Hallucination of inappropriate RADS categories (E2a) occurred more frequently with prompt-0 across all 3 chatbots. However, this error rate decreased to zero for Claude-2 when using prompt-2, a trend not seen with GPT-3.5 or GPT-4. A recurrent E2a error in LI-RADS was the obsolete category LR-5V from the 2014 version, now superseded by LR-TIV in subsequent editions [23,24]. Furthermore, hallucination of invalid RADS criteria (E2b) was more prevalent than that of E2a. For instance, the LI-RADS second question response stating “T2 marked hyperintensity is a feature commonly associated with hepatocellular carcinoma (HCC)” is inaccurate, as T2-marked hyperintensity is characteristic of hemangioma and not hepatocellular carcinoma. Despite initial higher E2b rates, Claude-2 demonstrated a substantial reduction with prompt-2 (105 to 38 instances), exceeding the decrement seen with GPT-4 (71 to 57 instances).

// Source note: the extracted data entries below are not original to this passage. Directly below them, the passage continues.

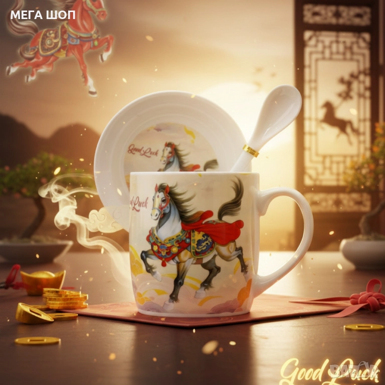 Подаръчен късметлийски порцеланов комплект – чаша, чинийка и лъжичка с празничен дизайн на коне → Обява 52583989
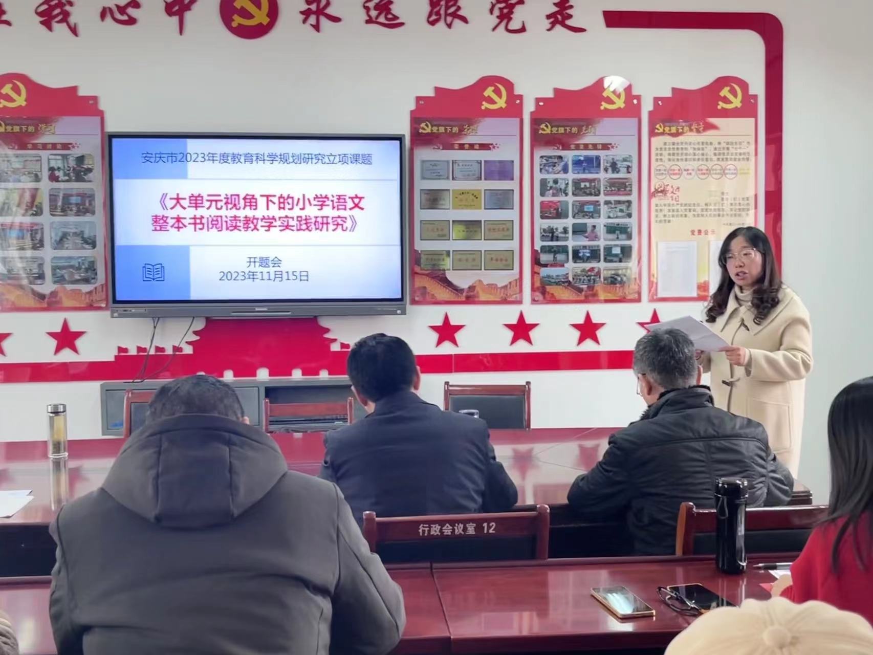 11月15日下午望江县第一小学举行市级教育科学规划研究立项课题《大单元视角下的小学语文整本书阅读教学实践研究》开题报告会。会议由朱金旺老师主持,特邀教研室韩主任、董主任、胡老师莅临指导,何校长、江校长及全体课题组成员参会。
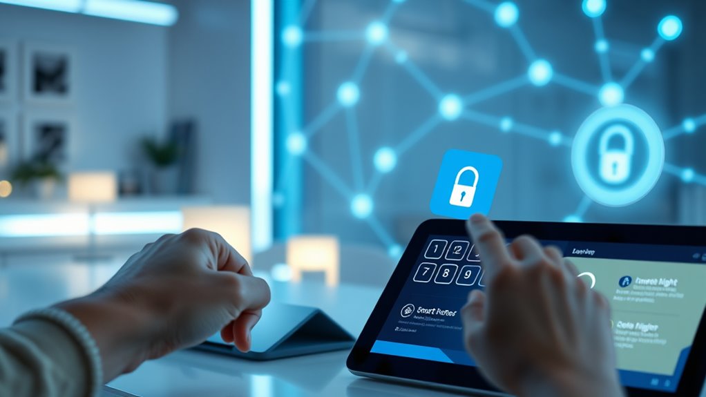 Additionally, staying informed about AI security vulnerabilities can help you better understand potential risks and protect your connected devices from emerging threats. To implement 2FA effectively, start by choosing a method that best fits your devices and lifestyle. Biometric verification offers speed and ease but should be supplemented with backup options like codes. When setting up 2FA, follow the prompts carefully and verify that your biometric data works correctly. Once enabled, always keep your backup codes secure and accessible, but away from prying eyes. Regularly review and update your security settings, especially if you change phones or devices, to ensure your backup codes are current and functional. By integrating biometric verification and backup codes into your 2FA routine, you create a robust shield against cyber threats, protecting your IoT ecosystem from unauthorized access and potential breaches. This proactive approach not only keeps your devices safer but also gives you peace of mind knowing your connected home or office is better defended against intrusion.
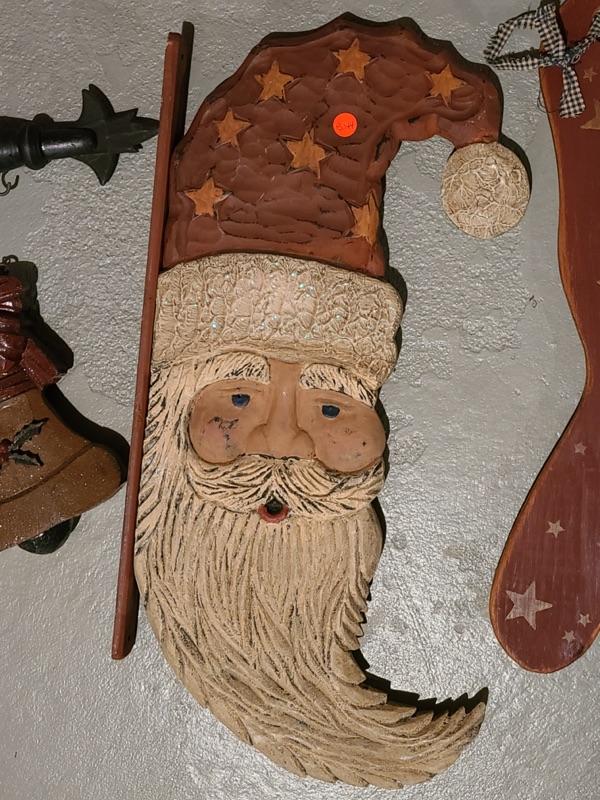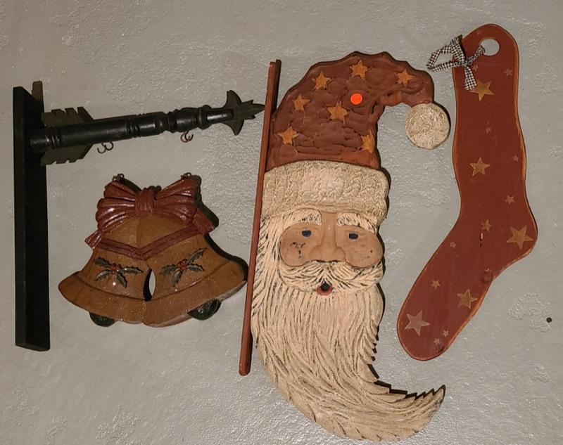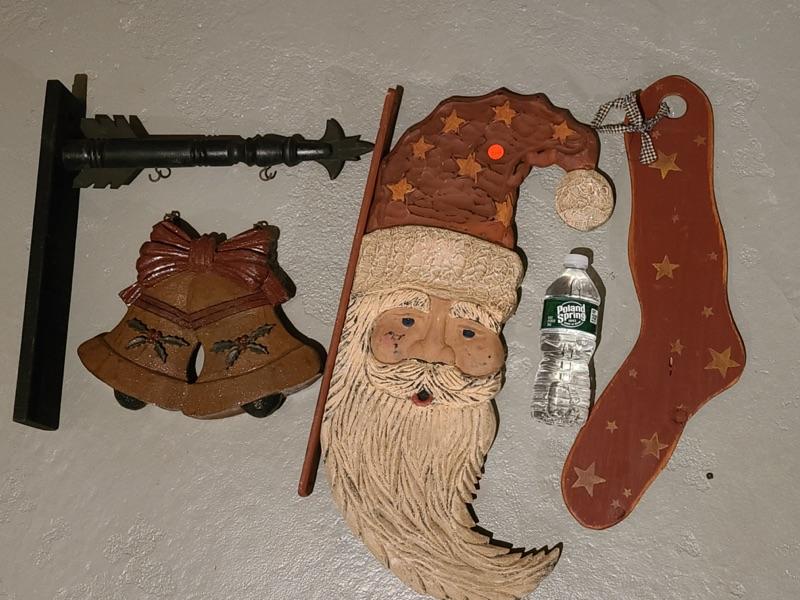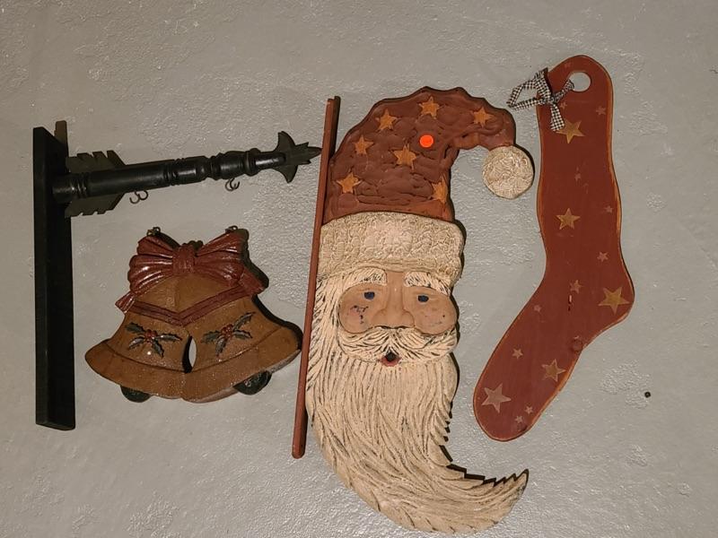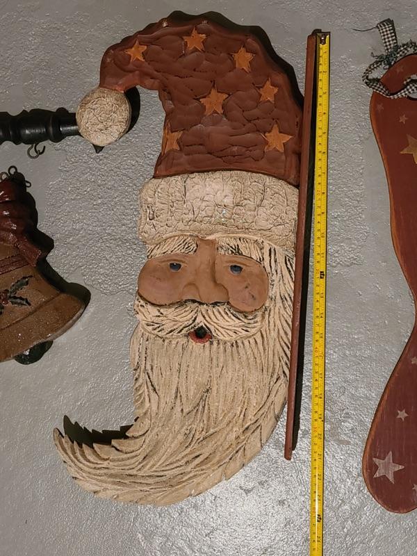 Very nice lot of Holiday hangings, you can post on porch, or inside! Not sure if these are wood or resin. Santa is around 2 feet long! Please see pics for condition and sizing.
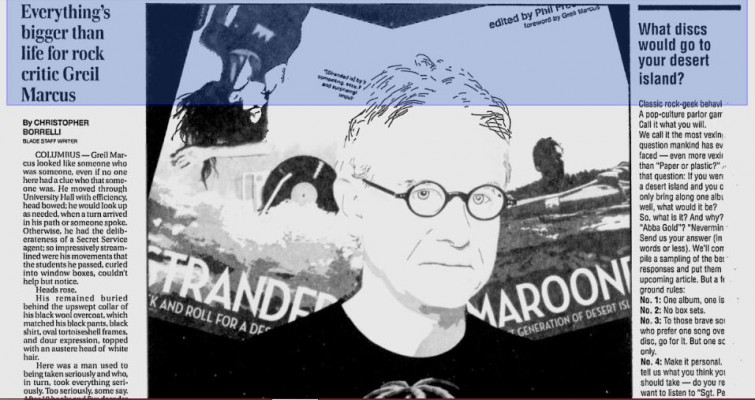 – Robert Christgau, from the Foreword to the 1996 Da Capo reprint of Stranded: Rock ‘n’ Roll for a Desert Island

Regarding reasoning error, incorrect RADS category reasoning (E3b) was the most frequent error but decreased for all chatbots with prompt-1 and prompt-2 versus prompt-0. Claude-2 reduced errors by almost half with prompt-2, while the GPT-4 decrease was less pronounced. Lesion signal interpretation errors (E3ai) included misinterpreting hypointensity on diffusion-weighted imaging as “restricted diffusion,” rather than facilitated diffusion. Lesion size reasoning errors (E3aii) occurred in 34 of 1440 cases, predominantly by Claude-2 (25/34, 73.5%), especially in systems such as Lung-RADS and LI-RADS where size is critical for categorization. Examples were attributing a 12-mm pulmonary nodule to the ≥6-mm but <8-mm range, or assigning a hepatic lesion measuring 2.3 cm × 1.5 cm to the 10- to 19-mm category. Reasoning enhancement errors (E3aiii) were exclusive to Claude-2 in O-RADS, where enhancement significantly impacts categorization. Misclassifying images at 40 seconds postcontrast as early or delayed enhancement exemplifies this error.

Explanatory errors (E4) including incorrect RADS category definitions (E4a) and inappropriate management recommendations (E4b) also substantially declined with prompt-1 and prompt-2. For instance, in the first Lung-RADS question response, the statement “The 4X designation indicates infectious/inflammatory etiology is suspected.” is incorrect. Lung-RADS 4X means category 3 or 4 nodules with additional features or imaging findings that increase suspicion of lung cancer [18].

Discussion Principal Findings

In this study, we evaluated the performance of 3 chatbots—GPT-3.5, GPT-4, and Claude-2—in categorizing radiological findings according to RADS criteria. Using 3 levels of prompts providing increasing structure, examples, and domain knowledge, the chatbots’ accuracies and consistencies were quantified across 30 cases. The best performance was achieved by Claude-2 when provided with few-shot prompting and the RADS criteria PDFs. Interestingly, the chatbots tended to categorize better for the relatively older LI-RADS version 2018 criteria in contrast to the more recent Lung-RADS version 2022 and O-RADS guidelines published after the chatbots’ training cutoff.

The incorporation of RADS, which standardizes reporting in radiology, has been a significant advancement, although the multiplicity and complexity of these systems impose a steep learning curve for radiologists [13]. Even for subspecialized radiologists at tertiary hospitals, mastering the numerous RADS guidelines poses challenges, requiring familiarity with the lexicons, regular application in daily practice, and ongoing learning to remain current with new versions. While previous studies have shown that LLMs could assist radiologists in various tasks [2-5,7,11], their performance at RADS categorization from imaging findings is untested. We therefore evaluated LLMs for focused RADS categorization of testing cases.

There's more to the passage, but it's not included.